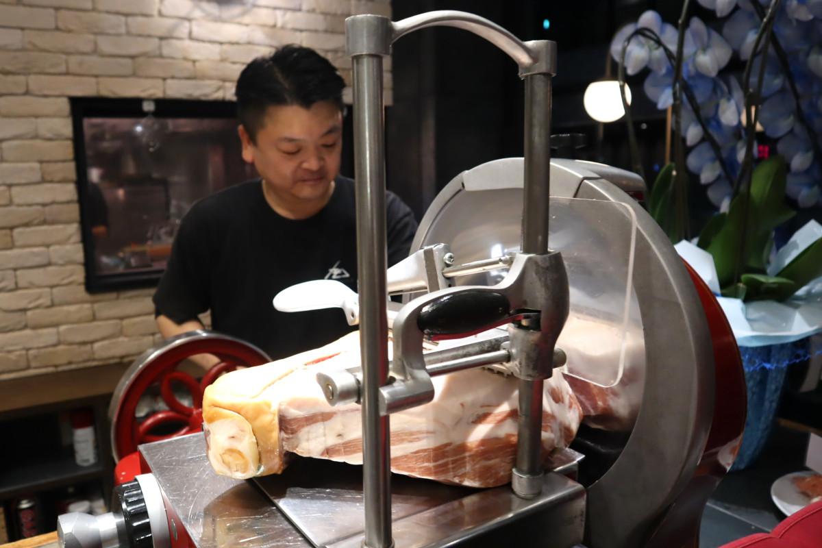 手動スライサーで薄く切り出して提供する「プロシュート」
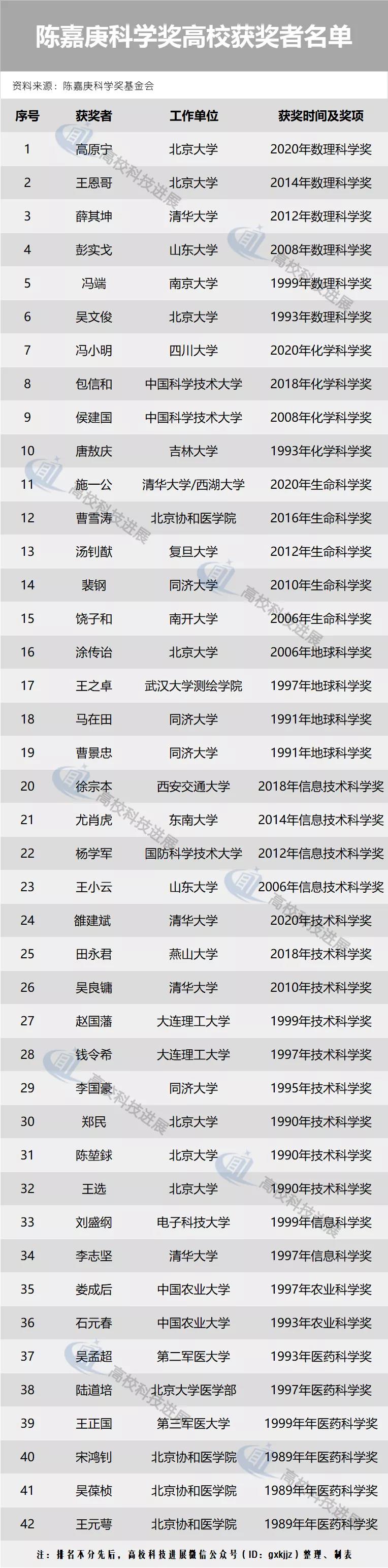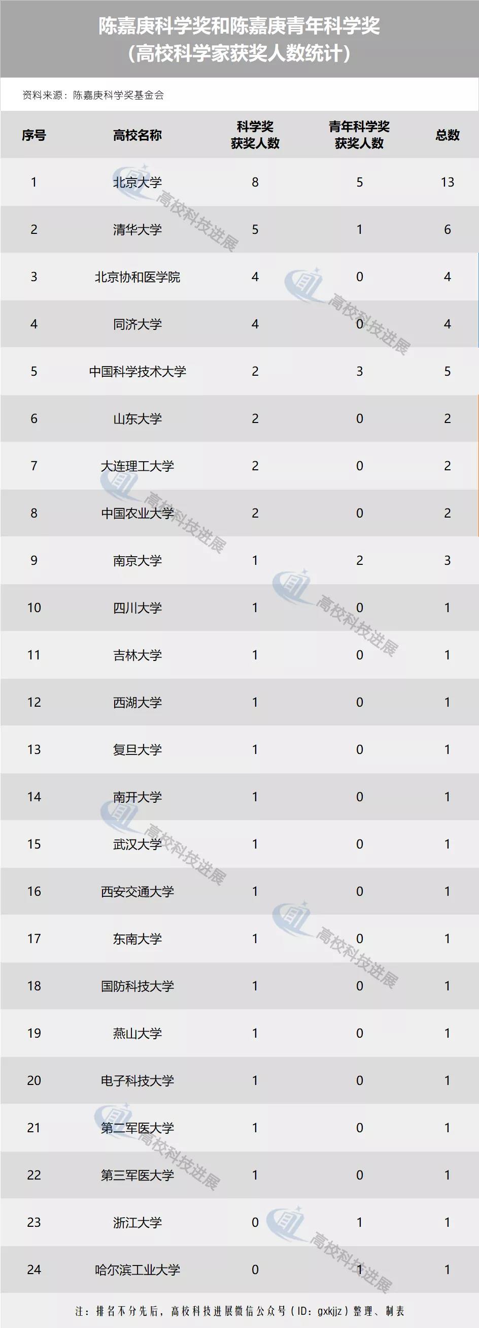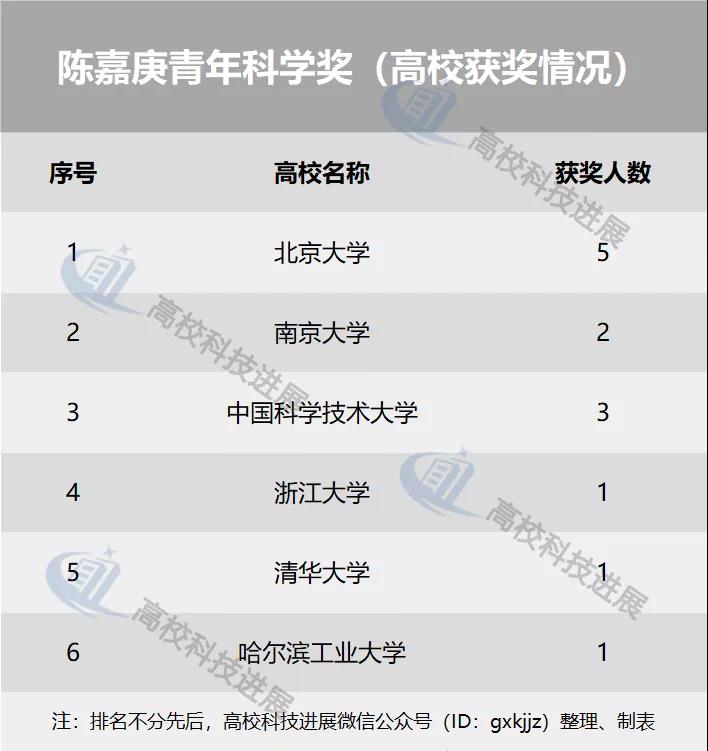 陳嘉庚青年科學獎:北京大學共有3位青年才俊獲得陳嘉庚青年科學獎的數(shù)理科學獎、化學科學獎、信息技術科學獎,南京大學有1位青年才俊獲得陳嘉庚青年科學獎地球科學獎。
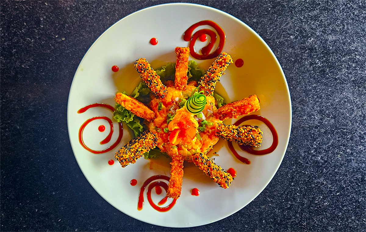 Para criar o prato, os Chefs utilizaram como ingredientes o gohan, peixe do dia (atum ou salmão ou robalo), green paste thay, iogurte, cebola roxa e cebolinha. O Crispy Thai Pitanga pode ser degustado com vista para o mar e, se desejar, com os pés na areia.
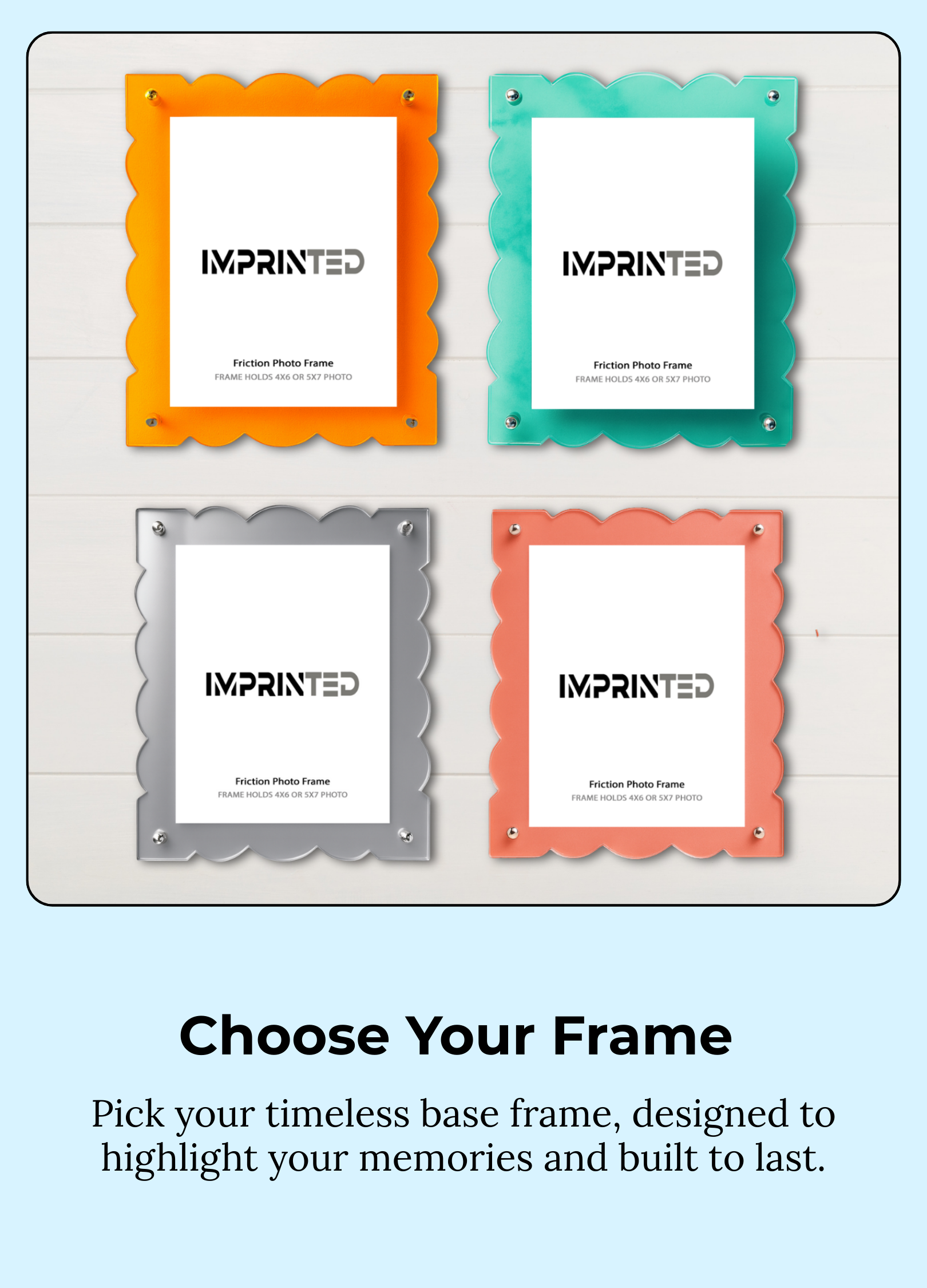Your frame adapts with you. Swap the backing to match your mood or the season, and keep your memories fresh all year.
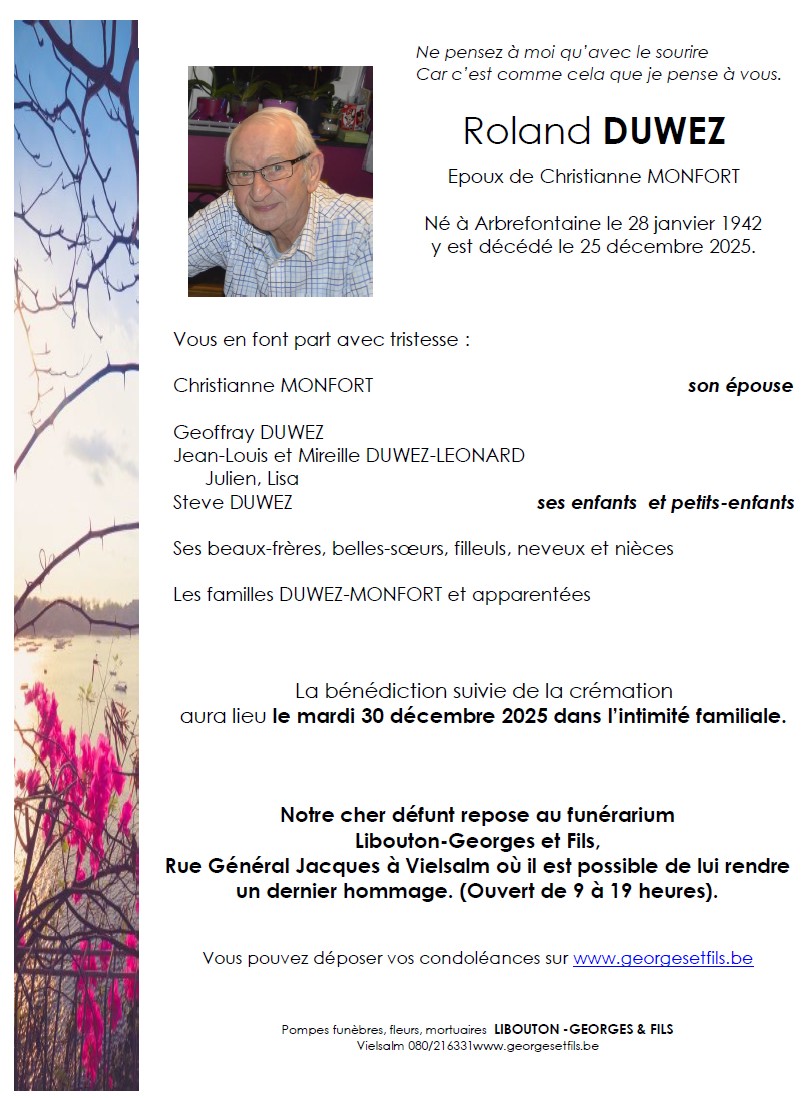 Décédé à Arbrefontaine (4990, Belgique) le jeudi 25 décembre 2025 à l'âge de 83 ans
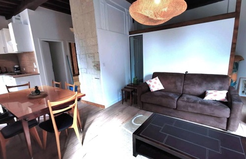 Beautiful Apartment, Perfectly Located Steps from the Dordogne, on a Lively Square in Historic Bergerac. Surrounded by vibrant restaurants and bars, this stylish and comfortable space was fully renovated this year. It's ideal for a family or two couples, with two double beds for a restful stay. Free parking is just a 3-minute walk away.
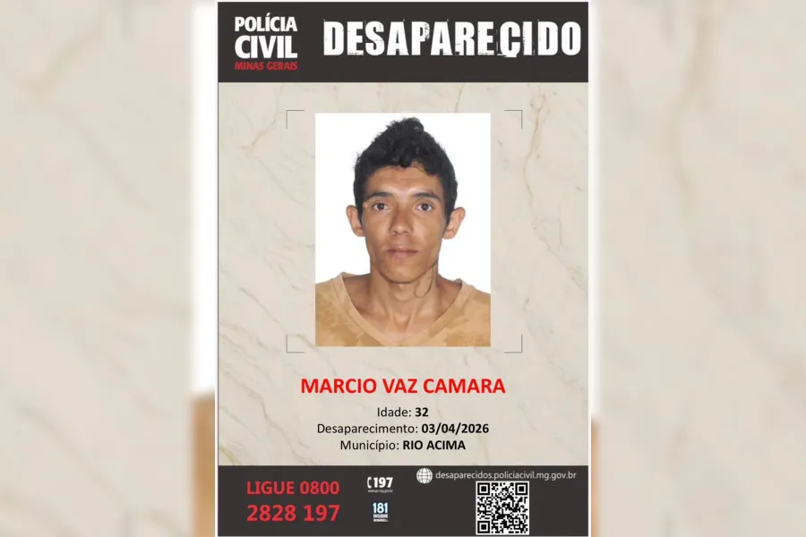 JORNAL SEMPRE – Marcio Vaz Camara, conhecido como Tata, de 32 anos, está desaparecido desde a tarde da última sexta-feira, dia 3, em Rio Acima. Ele foi visto pela última vez no bairro Cortesia.
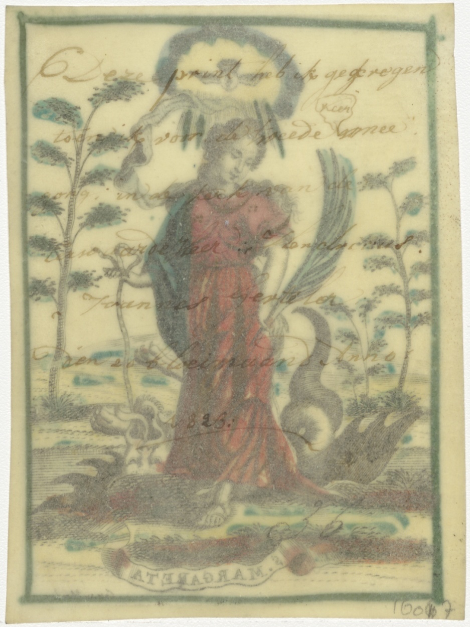 H. Margareta (Margaretha), ingekleurd, kz. Beloning;1823;van pastoor Joannes Gerteler
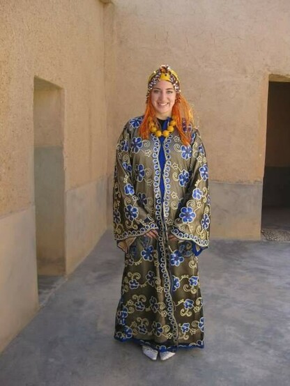 [Here's a 2010 photo of me hanging out in Tinzouline, Morocco, dressed in a friend's ShleuH clothing.]
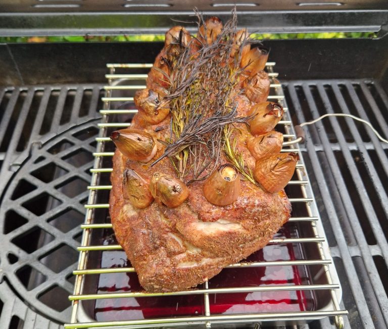 Saftig, rauchig und von einem Hauch Rotwein veredelt – dieser Schweinebraten vom Grill verbindet bayerische Herzhaftigkeit mit moderner BBQ-Küche. Die Rotweinmarinade sorgt für tiefes Aroma und hält das Fleisch wunderbar zart, während die Glut eine goldbraune Kruste und feine Rauchnoten zaubert.
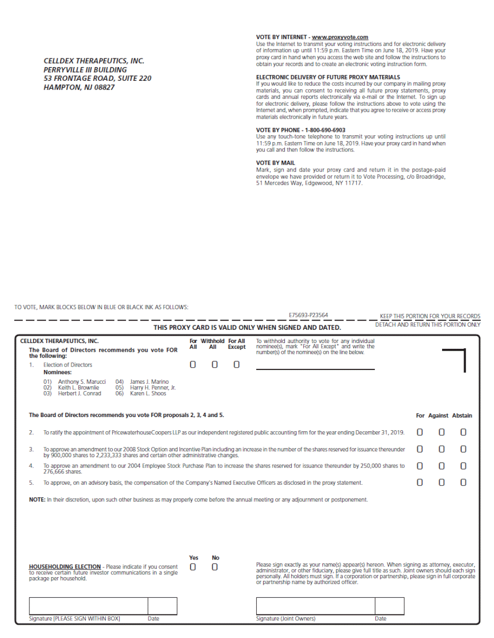 VOTE BY INTERNET - www.proxyvote.com Use the Internet to transmit your voting instructions and for electronic delivery of information up until 11:59 p.m. Eastern Time on June 18, 2019. Have your proxy card in hand when you access the web site and follow the instructions to obtain your records and to create an electronic voting instruction form. CELLDEX THERAPEUTICS, INC. PERRYVILLE III BUILDING 53 FRONTAGE ROAD, SUITE 220 HAMPTON, NJ 08827 ELECTRONIC DELIVERY OF FUTURE PROXY MATERIALS If you would like to reduce the costs incurred by our company in mailing proxy materials, you can consent to receiving all future proxy statements, proxy cards and annual reports electronically via e-mail or the Internet. To sign up for electronic delivery, please follow the instructions above to vote using the Internet and, when prompted, indicate that you agree to receive or access proxy materials electronically in future years. VOTE BY PHONE - 1-800-690-6903 Use any touch-tone telephone to transmit your voting instructions up until 11:59 p.m. Eastern Time on June 18, 2019. Have your proxy card in hand when you call and then follow the instructions. VOTE BY MAIL Mark, sign and date your proxy card and return it in the postage-paid envelope we have provided or return it to Vote Processing, c/o Broadridge, 51 Mercedes Way, Edgewood, NY 11717. TO VOTE, MARK BLOCKS BELOW IN BLUE OR BLACK INK AS FOLLOWS: E75693-P23564 KEEP THIS PORTION FOR YOUR RECORDS DETACH AND RETURN THIS PORTION ONLY THIS PROXY CARD IS VALID ONLY WHEN SIGNED AND DATED. CELLDEX THERAPEUTICS, INC. The Board of Directors recommends you vote FOR the following: For Withhold For All AllAllExcept To withhold authority to vote for any individual nominee(s), mark "For All Except" and write the number(s) of the nominee(s) on the line below. ! !! 1. Election of Directors Nominees: 01) Anthony S. Marucci 02) Keith L. Brownlie 03) Herbert J. Conrad 04) James J. Marino 05) Harry H. Penner, Jr. 06) Karen L. Shoos The Board of Directors recommends you vote FOR proposals 2, 3, 4 and 5. For Against Abstain ! ! ! ! ! ! ! ! ! ! ! ! 2. To ratify the appointment of PricewaterhouseCoopers LLP as our independent registered public accounting firm for the year ending December 31, 2019. 3. To approve an amendment to our 2008 Stock Option and Incentive Plan including an increase in the number of the shares reserved for issuance thereunder by 900,000 shares to 2,233,333 shares and certain other administrative changes. To approve an amendment to our 2004 Employee Stock Purchase Plan to increase the shares reserved for issuance thereunder by 250,000 shares to 276,666 shares. To approve, on an advisory basis, the compensation of the Company's Named Executive Officers as disclosed in the proxy statement. 4. 5. NOTE: In their discretion, upon such other business as may properly come before the annual meeting or any adjournment or postponement. Yes ! No ! Please sign exactly as your name(s) appear(s) hereon. When signing as attorney, executor, administrator, or other fiduciary, please give full title as such. Joint owners should each sign personally. All holders must sign. If a corporation or partnership, please sign in full corporate or partnership name by authorized officer. HOUSEHOLDING ELECTION - Please indicate if you consent to receive certain future investor communications in a single package per household. Signature [PLEASE SIGN WITHIN BOX] Date Signature (Joint Owners) Date
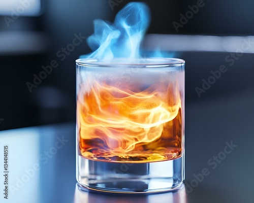 Flaming Cocktail in Glass, Temperature Change, Abstract Fire
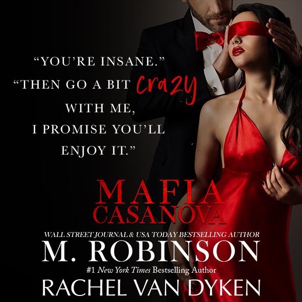 I am a huge fan of both M. Robinson and Rachel Van Dyken as individual authors, so when I heard they were writing a novel together, I was beyond excited. And let me tell you I was not disappointed! Mafia Casanova is a story that is full of the feels, emotional and angst. I was captivated from the beginning to end. I literally devoured this story.
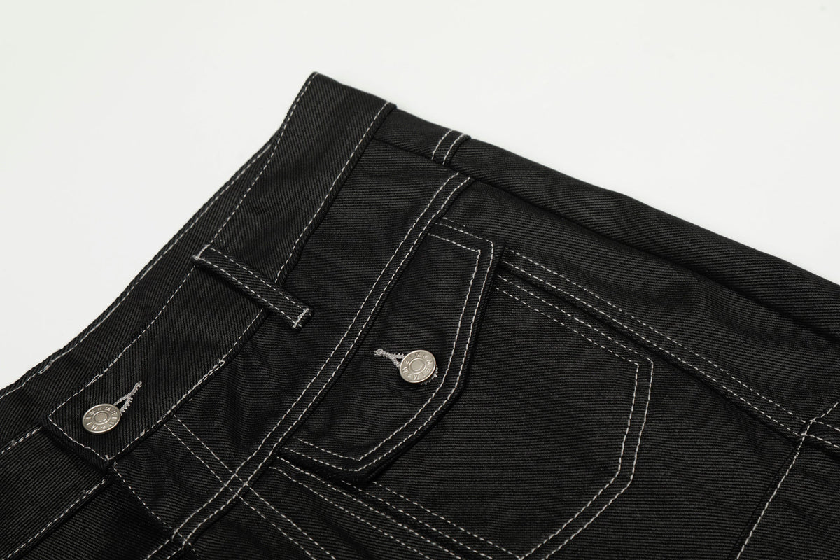 The Omirad Contrast Stitch Wide Denim Pants embody a bold streetwear silhouette with clean architectural lines. Featuring structured panel construction and contrasting white stitching, these pants highlight Omirad’s balance between utilitarian design and effortless high-street expression.
= = =
What is required:
With the pictures removed, the entries above should be transcribed exactly.

Written answer:
 手動スライサーで薄く切り出して提供する「プロシュート」
 陳嘉庚青年科學獎:北京大學共有3位青年才俊獲得陳嘉庚青年科學獎的數(shù)理科學獎、化學科學獎、信息技術科學獎,南京大學有1位青年才俊獲得陳嘉庚青年科學獎地球科學獎。
 Para criar o prato, os Chefs utilizaram como ingredientes o gohan, peixe do dia (atum ou salmão ou robalo), green paste thay, iogurte, cebola roxa e cebolinha. O Crispy Thai Pitanga pode ser degustado com vista para o mar e, se desejar, com os pés na areia.
Your frame adapts with you. Swap the backing to match your mood or the season, and keep your memories fresh all year.
 Décédé à Arbrefontaine (4990, Belgique) le jeudi 25 décembre 2025 à l'âge de 83 ans
 Beautiful Apartment, Perfectly Located Steps from the Dordogne, on a Lively Square in Historic Bergerac. Surrounded by vibrant restaurants and bars, this stylish and comfortable space was fully renovated this year. It's ideal for a family or two couples, with two double beds for a restful stay. Free parking is just a 3-minute walk away.
 JORNAL SEMPRE – Marcio Vaz Camara, conhecido como Tata, de 32 anos, está desaparecido desde a tarde da última sexta-feira, dia 3, em Rio Acima. Ele foi visto pela última vez no bairro Cortesia.
 H. Margareta (Margaretha), ingekleurd, kz. Beloning;1823;van pastoor Joannes Gerteler
 [Here's a 2010 photo of me hanging out in Tinzouline, Morocco, dressed in a friend's ShleuH clothing.]
 Saftig, rauchig und von einem Hauch Rotwein veredelt – dieser Schweinebraten vom Grill verbindet bayerische Herzhaftigkeit mit moderner BBQ-Küche. Die Rotweinmarinade sorgt für tiefes Aroma und hält das Fleisch wunderbar zart, während die Glut eine goldbraune Kruste und feine Rauchnoten zaubert.
 VOTE BY INTERNET - www.proxyvote.com Use the Internet to transmit your voting instructions and for electronic delivery of information up until 11:59 p.m. Eastern Time on June 18, 2019. Have your proxy card in hand when you access the web site and follow the instructions to obtain your records and to create an electronic voting instruction form. CELLDEX THERAPEUTICS, INC. PERRYVILLE III BUILDING 53 FRONTAGE ROAD, SUITE 220 HAMPTON, NJ 08827 ELECTRONIC DELIVERY OF FUTURE PROXY MATERIALS If you would like to reduce the costs incurred by our company in mailing proxy materials, you can consent to receiving all future proxy statements, proxy cards and annual reports electronically via e-mail or the Internet. To sign up for electronic delivery, please follow the instructions above to vote using the Internet and, when prompted, indicate that you agree to receive or access proxy materials electronically in future years. VOTE BY PHONE - 1-800-690-6903 Use any touch-tone telephone to transmit your voting instructions up until 11:59 p.m. Eastern Time on June 18, 2019. Have your proxy card in hand when you call and then follow the instructions. VOTE BY MAIL Mark, sign and date your proxy card and return it in the postage-paid envelope we have provided or return it to Vote Processing, c/o Broadridge, 51 Mercedes Way, Edgewood, NY 11717. TO VOTE, MARK BLOCKS BELOW IN BLUE OR BLACK INK AS FOLLOWS: E75693-P23564 KEEP THIS PORTION FOR YOUR RECORDS DETACH AND RETURN THIS PORTION ONLY THIS PROXY CARD IS VALID ONLY WHEN SIGNED AND DATED. CELLDEX THERAPEUTICS, INC. The Board of Directors recommends you vote FOR the following: For Withhold For All AllAllExcept To withhold authority to vote for any individual nominee(s), mark "For All Except" and write the number(s) of the nominee(s) on the line below. ! !! 1. Election of Directors Nominees: 01) Anthony S. Marucci 02) Keith L. Brownlie 03) Herbert J. Conrad 04) James J. Marino 05) Harry H. Penner, Jr. 06) Karen L. Shoos The Board of Directors recommends you vote FOR proposals 2, 3, 4 and 5. For Against Abstain ! ! ! ! ! ! ! ! ! ! ! ! 2. To ratify the appointment of PricewaterhouseCoopers LLP as our independent registered public accounting firm for the year ending December 31, 2019. 3. To approve an amendment to our 2008 Stock Option and Incentive Plan including an increase in the number of the shares reserved for issuance thereunder by 900,000 shares to 2,233,333 shares and certain other administrative changes. To approve an amendment to our 2004 Employee Stock Purchase Plan to increase the shares reserved for issuance thereunder by 250,000 shares to 276,666 shares. To approve, on an advisory basis, the compensation of the Company's Named Executive Officers as disclosed in the proxy statement. 4. 5. NOTE: In their discretion, upon such other business as may properly come before the annual meeting or any adjournment or postponement. Yes ! No ! Please sign exactly as your name(s) appear(s) hereon. When signing as attorney, executor, administrator, or other fiduciary, please give full title as such. Joint owners should each sign personally. All holders must sign. If a corporation or partnership, please sign in full corporate or partnership name by authorized officer. HOUSEHOLDING ELECTION - Please indicate if you consent to receive certain future investor communications in a single package per household. Signature [PLEASE SIGN WITHIN BOX] Date Signature (Joint Owners) Date
 Flaming Cocktail in Glass, Temperature Change, Abstract Fire
 I am a huge fan of both M. Robinson and Rachel Van Dyken as individual authors, so when I heard they were writing a novel together, I was beyond excited. And let me tell you I was not disappointed! Mafia Casanova is a story that is full of the feels, emotional and angst. I was captivated from the beginning to end. I literally devoured this story.
 The Omirad Contrast Stitch Wide Denim Pants embody a bold streetwear silhouette with clean architectural lines. Featuring structured panel construction and contrasting white stitching, these pants highlight Omirad’s balance between utilitarian design and effortless high-street expression.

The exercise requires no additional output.